Мне и теперь захотелось арбуз, и отец сходил на базар и принес большой полосатый арбуз. Но съел я только один малиновый ломтик, пахнувший первоснежьем, и почувствовал в животе легкое покалывание. Потом у меня начался озноб и отец поскорее повел меня к врачу.
Шагали мы с отцом по деревянному тротуару, а перед глазами у меня мельтешили черные мурашки. Меня качало, и если бы я не держался за руку отца, наверняка свалился бы в грязную канаву.
В чистенькой, светлой комнатушке поликлиники, где шибко пахло скипидаром, осмотрел меня потешный дяденька врач в белом халате, в белом колпаке на голове, в круглых очках, едва сидевших на крупном, в крапинках пота, носу.
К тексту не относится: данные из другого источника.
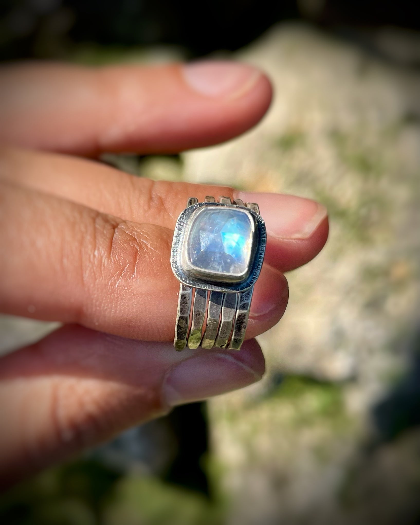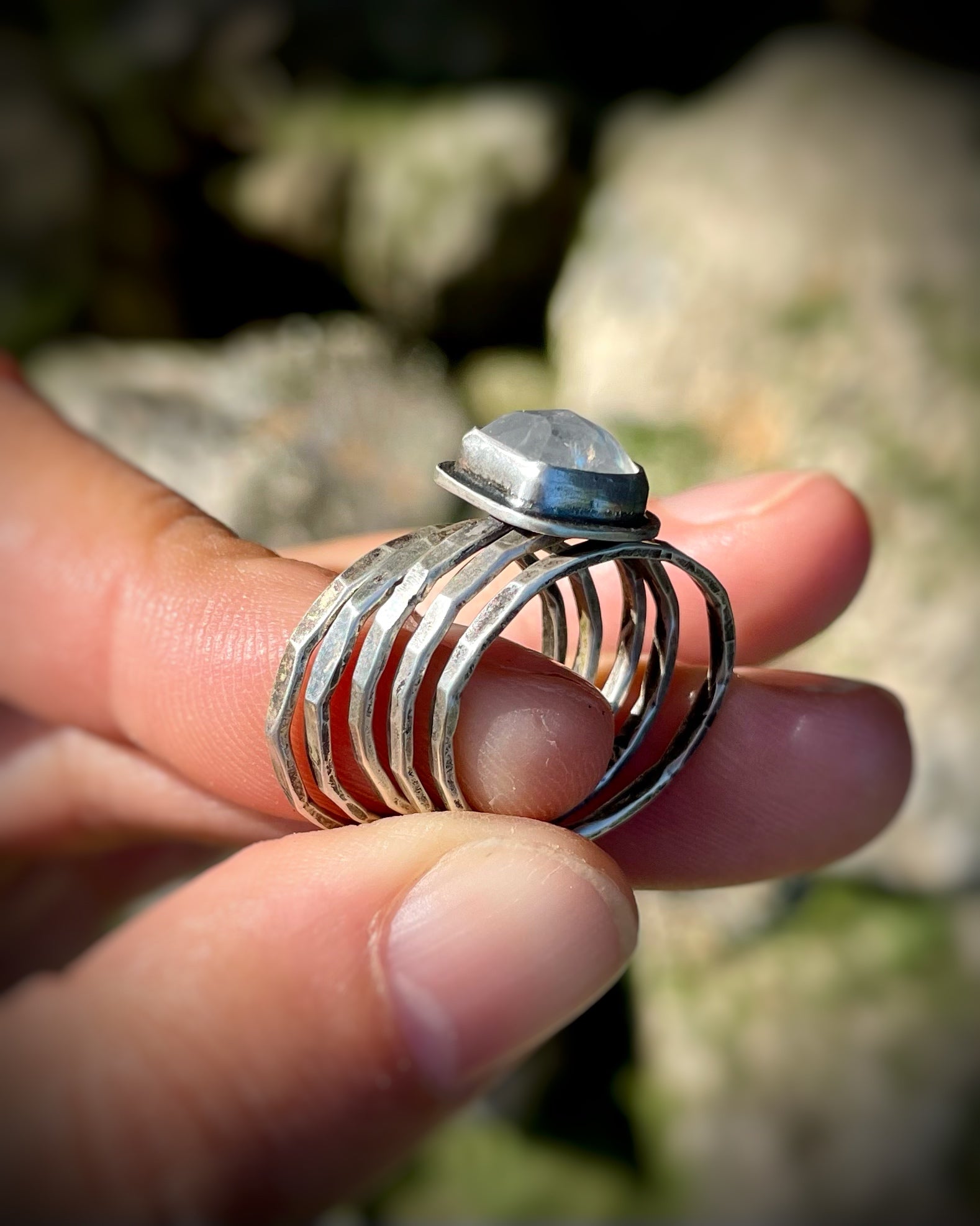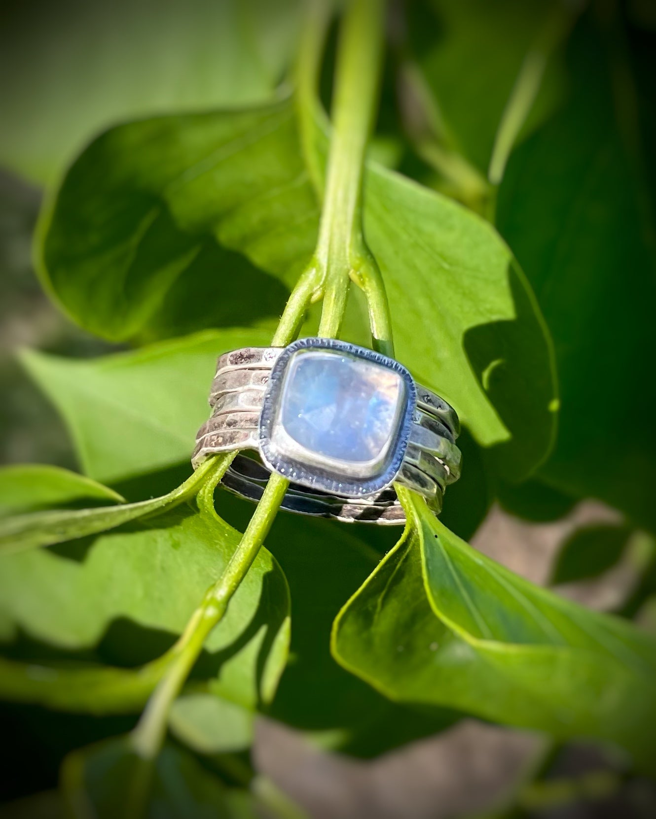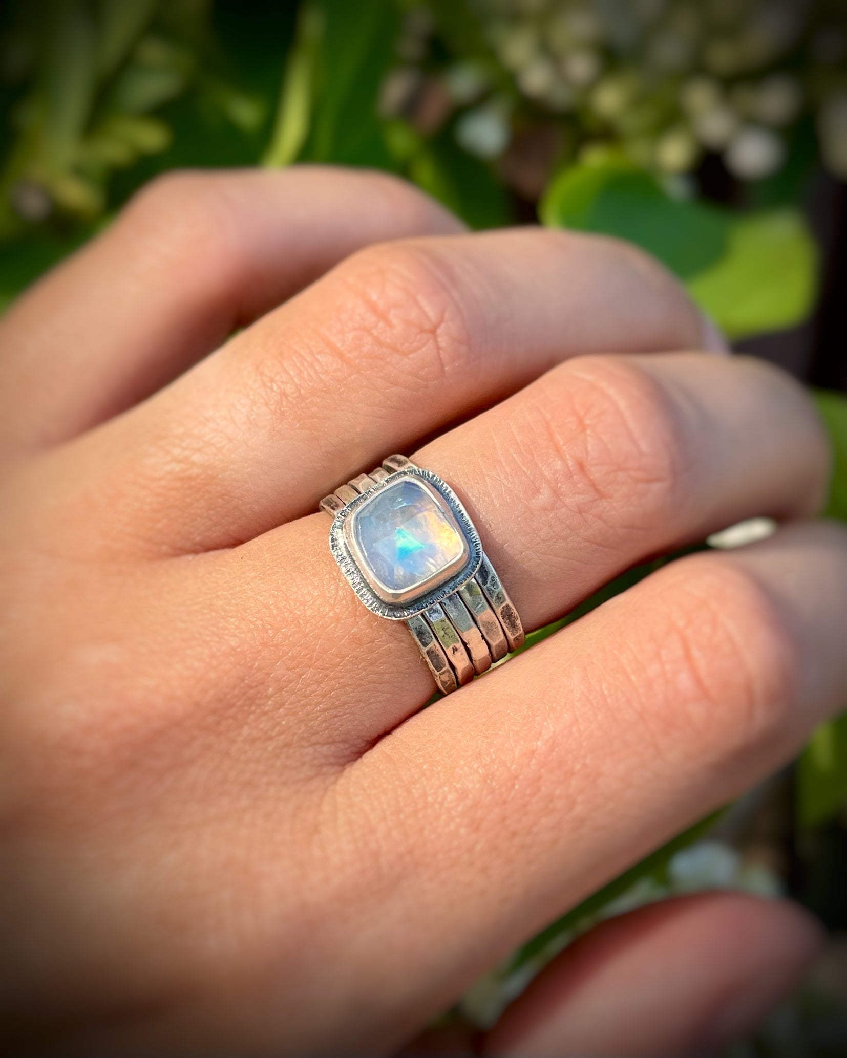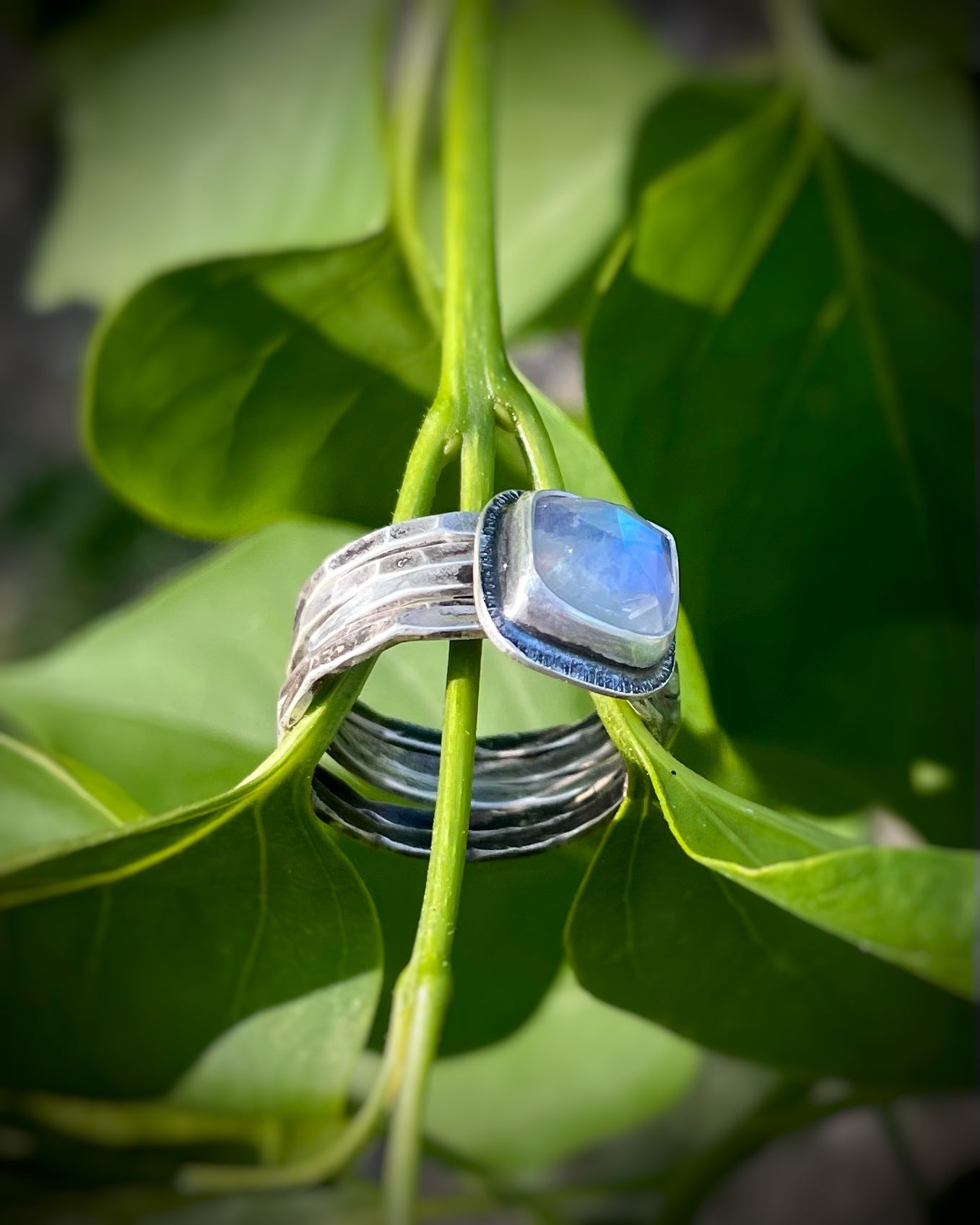 This Moon Glow Stacker Set includes five separate sterling silver bands, each hammered for texture and finished with an oxidized, hand-buffed patina. One of the five features a glowing rose-cut rainbow moonstone, full of blue flash and dreamy light play.

Положил он меня на кушетку, холодными пальцами щекотно прощупал мой живот, помял, выспрашивая, где болит. Потом простукал худющие мои ребра и язык показать заставил. Все это сносил я терпеливо и язык старался высунуть как можно больше. А смешной доктор сказал улыбнувшись:
— Язык у тебя, брат, великолепный. Любишь, наверно, сметанку у матери из горшков вылизывать, как кот, а?
Он стал что-то писать, обращаясь к отцу:
— Страшного с вашим сыном ничего такого не вижу. Вот вам рецепт. Думаю, что все обойдется хорошо. А ты, герой, — сказал мне, — не поддавайся больше никаким болезням и крепись! Сибиряк ты или кто? — и легонько этак, дружески-игриво дернул меня за мочку уха.
Мне было приятно, что доктор так весело и просто обошелся со мной — пошутил.
И опять мы с отцом шли длинной улицей все по тому же деревянному тротуару, пока не попали в аптеку, где нам выдали лекарства и посоветовали все-таки обратиться в городскую больницу. Может, меня там и положат.
В больнице меня опять заставили раздеться до пояса. Красивая и молодая тетенька тоже прощупала меня сильными пальцами, язык показать заставила и ласково мне улыбнулась говоря:
— Живы будем — не помрем. — И уже серьезно добавила: — Парень ты ладный, выпечен из хорошего теста и жить тебе век полный. Вот так!
Она тут же дала мне выпить солено-горькое лекарство, дала еще какую-то пилюлю-горошину, от которой во рту у меня приятно захолодило. Потом, в ожидании отца, задержавшегося у врача, стоял я на больничном дворе и смотрел, смотрел на проходившие недалеко железнодорожные составы. Стучали и стучали колеса, катились они по рельсам куда-то далеко-далеко, и не знал я тогда еще, что по этим рельсам через десяток лет укачу я сопливым новобранцем на Дальний Восток, чтобы там принять участие в боях с японскими империалистами. Не ведал и того, что тут, на этом больничном дворе, в одном неказистом сарайчике будет лежать безжизненно мой отец.